■ **The input**:
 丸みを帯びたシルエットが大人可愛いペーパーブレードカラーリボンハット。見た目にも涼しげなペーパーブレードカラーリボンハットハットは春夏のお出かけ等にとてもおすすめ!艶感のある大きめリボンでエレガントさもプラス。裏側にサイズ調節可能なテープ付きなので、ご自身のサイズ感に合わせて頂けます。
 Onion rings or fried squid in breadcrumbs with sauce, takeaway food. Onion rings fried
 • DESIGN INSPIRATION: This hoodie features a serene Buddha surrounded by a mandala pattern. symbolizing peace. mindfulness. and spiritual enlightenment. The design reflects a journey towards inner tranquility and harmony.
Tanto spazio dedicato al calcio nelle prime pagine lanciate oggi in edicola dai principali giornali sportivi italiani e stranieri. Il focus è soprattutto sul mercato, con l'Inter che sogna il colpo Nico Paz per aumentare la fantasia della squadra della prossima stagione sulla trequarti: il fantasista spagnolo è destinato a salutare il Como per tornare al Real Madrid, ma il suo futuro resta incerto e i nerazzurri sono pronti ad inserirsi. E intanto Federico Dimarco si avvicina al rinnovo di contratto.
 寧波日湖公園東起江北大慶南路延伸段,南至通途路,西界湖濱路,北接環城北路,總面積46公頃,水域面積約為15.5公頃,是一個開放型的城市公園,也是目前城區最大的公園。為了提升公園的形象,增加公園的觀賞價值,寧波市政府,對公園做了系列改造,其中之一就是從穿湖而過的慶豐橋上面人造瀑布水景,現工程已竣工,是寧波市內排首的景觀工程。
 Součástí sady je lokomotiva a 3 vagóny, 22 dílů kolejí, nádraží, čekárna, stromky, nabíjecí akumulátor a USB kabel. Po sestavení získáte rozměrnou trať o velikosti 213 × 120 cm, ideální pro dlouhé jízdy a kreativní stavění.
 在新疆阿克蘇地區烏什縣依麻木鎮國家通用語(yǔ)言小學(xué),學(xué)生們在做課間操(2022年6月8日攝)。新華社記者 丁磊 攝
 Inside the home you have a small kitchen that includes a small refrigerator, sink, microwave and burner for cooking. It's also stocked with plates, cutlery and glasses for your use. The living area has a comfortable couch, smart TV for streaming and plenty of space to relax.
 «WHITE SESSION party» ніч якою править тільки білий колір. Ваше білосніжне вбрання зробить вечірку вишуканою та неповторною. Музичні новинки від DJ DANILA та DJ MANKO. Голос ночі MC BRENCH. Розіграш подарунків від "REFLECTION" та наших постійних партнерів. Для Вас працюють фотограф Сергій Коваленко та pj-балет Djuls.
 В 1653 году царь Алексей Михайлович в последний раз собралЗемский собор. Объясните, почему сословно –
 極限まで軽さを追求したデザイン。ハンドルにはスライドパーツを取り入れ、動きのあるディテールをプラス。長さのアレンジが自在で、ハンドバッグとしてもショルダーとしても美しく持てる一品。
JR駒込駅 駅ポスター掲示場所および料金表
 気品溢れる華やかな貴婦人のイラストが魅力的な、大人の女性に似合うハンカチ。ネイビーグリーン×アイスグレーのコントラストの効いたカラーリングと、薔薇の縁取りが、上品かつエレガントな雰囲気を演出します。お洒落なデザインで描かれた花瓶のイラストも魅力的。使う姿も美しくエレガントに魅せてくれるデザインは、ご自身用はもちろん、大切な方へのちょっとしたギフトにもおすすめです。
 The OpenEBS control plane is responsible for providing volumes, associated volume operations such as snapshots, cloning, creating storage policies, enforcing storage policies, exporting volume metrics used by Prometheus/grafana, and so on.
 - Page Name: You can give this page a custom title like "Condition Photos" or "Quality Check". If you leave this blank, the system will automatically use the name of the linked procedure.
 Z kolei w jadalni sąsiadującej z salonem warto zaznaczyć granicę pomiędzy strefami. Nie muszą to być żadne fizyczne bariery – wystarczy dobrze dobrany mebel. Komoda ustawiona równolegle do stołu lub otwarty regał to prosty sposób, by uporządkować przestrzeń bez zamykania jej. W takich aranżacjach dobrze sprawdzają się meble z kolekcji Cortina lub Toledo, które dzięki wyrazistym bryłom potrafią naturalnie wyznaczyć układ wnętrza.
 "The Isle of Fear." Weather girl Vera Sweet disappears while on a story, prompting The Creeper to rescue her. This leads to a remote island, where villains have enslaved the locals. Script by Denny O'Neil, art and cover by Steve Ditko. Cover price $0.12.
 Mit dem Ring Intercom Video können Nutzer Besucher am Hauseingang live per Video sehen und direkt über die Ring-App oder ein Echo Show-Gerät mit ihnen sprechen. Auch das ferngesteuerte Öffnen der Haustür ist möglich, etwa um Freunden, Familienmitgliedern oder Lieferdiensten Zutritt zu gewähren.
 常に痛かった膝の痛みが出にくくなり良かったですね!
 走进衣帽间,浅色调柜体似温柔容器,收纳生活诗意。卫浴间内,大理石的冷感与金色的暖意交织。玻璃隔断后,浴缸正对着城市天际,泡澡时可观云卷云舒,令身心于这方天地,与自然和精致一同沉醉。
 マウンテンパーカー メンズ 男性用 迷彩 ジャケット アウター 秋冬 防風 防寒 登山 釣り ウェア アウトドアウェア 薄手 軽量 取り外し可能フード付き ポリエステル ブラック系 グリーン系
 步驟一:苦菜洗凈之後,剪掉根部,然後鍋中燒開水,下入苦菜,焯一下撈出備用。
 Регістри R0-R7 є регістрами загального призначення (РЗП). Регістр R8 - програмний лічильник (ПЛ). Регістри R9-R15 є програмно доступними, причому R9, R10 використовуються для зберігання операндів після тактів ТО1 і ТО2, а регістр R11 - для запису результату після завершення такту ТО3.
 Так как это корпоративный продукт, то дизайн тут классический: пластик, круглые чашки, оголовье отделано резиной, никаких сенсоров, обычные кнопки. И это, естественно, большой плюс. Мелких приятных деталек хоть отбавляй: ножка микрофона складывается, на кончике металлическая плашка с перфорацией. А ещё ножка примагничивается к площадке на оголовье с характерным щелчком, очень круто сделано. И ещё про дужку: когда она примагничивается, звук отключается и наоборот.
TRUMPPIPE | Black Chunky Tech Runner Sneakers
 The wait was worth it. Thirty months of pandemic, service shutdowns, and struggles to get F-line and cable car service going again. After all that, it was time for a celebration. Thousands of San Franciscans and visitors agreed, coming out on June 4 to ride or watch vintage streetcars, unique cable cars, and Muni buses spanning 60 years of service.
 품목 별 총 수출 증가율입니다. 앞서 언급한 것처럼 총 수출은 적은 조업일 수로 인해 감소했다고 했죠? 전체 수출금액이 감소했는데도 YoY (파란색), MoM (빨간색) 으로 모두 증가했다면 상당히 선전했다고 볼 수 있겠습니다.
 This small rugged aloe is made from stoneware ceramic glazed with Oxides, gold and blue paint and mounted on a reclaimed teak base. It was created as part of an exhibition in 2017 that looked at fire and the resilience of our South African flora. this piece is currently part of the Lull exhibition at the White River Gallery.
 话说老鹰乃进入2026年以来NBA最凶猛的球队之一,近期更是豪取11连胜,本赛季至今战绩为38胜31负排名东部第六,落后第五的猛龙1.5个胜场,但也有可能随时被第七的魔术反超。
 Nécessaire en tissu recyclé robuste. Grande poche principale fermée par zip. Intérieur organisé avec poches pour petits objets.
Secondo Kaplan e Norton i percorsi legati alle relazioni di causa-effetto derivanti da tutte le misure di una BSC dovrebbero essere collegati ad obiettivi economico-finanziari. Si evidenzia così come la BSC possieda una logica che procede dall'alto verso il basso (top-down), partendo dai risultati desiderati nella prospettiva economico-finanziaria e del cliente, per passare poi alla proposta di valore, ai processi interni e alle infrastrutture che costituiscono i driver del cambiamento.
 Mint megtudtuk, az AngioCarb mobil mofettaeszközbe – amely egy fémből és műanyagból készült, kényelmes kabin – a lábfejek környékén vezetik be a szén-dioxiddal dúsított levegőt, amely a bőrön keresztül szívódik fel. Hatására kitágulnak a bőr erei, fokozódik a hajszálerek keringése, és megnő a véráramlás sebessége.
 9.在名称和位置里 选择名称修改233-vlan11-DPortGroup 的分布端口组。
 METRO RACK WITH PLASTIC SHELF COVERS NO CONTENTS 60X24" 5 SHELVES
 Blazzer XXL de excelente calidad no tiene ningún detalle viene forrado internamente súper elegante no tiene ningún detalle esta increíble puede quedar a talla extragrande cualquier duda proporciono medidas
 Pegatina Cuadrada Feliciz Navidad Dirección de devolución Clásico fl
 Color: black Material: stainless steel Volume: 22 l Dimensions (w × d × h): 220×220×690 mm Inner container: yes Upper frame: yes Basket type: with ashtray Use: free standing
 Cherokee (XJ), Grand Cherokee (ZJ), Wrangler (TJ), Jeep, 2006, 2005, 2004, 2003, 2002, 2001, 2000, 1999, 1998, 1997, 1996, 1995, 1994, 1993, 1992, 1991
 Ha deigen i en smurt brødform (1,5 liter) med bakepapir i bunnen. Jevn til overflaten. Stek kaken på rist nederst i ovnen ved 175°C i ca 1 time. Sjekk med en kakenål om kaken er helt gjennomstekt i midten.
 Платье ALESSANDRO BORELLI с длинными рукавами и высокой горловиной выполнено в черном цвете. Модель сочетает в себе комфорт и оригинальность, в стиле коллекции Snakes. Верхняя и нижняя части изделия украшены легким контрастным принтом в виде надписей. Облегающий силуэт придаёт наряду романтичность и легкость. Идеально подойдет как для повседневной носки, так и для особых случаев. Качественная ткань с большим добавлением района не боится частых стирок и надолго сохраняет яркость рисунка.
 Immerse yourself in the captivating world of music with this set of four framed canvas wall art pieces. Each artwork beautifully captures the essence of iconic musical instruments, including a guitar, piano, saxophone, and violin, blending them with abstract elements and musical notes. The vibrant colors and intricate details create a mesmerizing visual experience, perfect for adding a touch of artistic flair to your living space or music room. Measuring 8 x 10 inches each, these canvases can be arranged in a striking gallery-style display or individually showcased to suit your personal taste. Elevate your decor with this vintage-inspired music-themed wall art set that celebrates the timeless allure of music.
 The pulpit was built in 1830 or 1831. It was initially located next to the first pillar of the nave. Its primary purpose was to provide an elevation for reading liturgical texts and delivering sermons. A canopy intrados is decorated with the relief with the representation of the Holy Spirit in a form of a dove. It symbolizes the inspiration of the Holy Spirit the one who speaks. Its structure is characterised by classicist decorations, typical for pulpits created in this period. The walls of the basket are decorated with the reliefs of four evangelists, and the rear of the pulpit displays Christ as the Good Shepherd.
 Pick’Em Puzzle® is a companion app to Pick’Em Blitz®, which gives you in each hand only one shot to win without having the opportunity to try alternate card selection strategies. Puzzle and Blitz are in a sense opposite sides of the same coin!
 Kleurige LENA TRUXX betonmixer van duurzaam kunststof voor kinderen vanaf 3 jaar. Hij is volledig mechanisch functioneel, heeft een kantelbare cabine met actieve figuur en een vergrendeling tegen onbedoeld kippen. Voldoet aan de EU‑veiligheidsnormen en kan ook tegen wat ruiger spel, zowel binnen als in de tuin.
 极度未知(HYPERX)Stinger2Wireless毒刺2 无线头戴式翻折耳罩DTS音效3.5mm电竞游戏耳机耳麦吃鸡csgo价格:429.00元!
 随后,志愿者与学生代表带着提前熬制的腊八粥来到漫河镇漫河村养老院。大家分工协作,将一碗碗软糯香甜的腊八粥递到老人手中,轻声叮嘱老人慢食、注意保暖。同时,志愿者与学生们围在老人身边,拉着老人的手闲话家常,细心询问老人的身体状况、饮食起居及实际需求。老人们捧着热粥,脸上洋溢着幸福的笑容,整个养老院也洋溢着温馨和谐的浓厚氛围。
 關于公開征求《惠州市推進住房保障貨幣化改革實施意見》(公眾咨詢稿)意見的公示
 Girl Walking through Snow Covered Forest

■ **Exercise requirements**: Go through the records and show every line with the string "created" in it.

■ **Task output**:
 This small rugged aloe is made from stoneware ceramic glazed with Oxides, gold and blue paint and mounted on a reclaimed teak base. It was created as part of an exhibition in 2017 that looked at fire and the resilience of our South African flora. this piece is currently part of the Lull exhibition at the White River Gallery.
 The pulpit was built in 1830 or 1831. It was initially located next to the first pillar of the nave. Its primary purpose was to provide an elevation for reading liturgical texts and delivering sermons. A canopy intrados is decorated with the relief with the representation of the Holy Spirit in a form of a dove. It symbolizes the inspiration of the Holy Spirit the one who speaks. Its structure is characterised by classicist decorations, typical for pulpits created in this period. The walls of the basket are decorated with the reliefs of four evangelists, and the rear of the pulpit displays Christ as the Good Shepherd.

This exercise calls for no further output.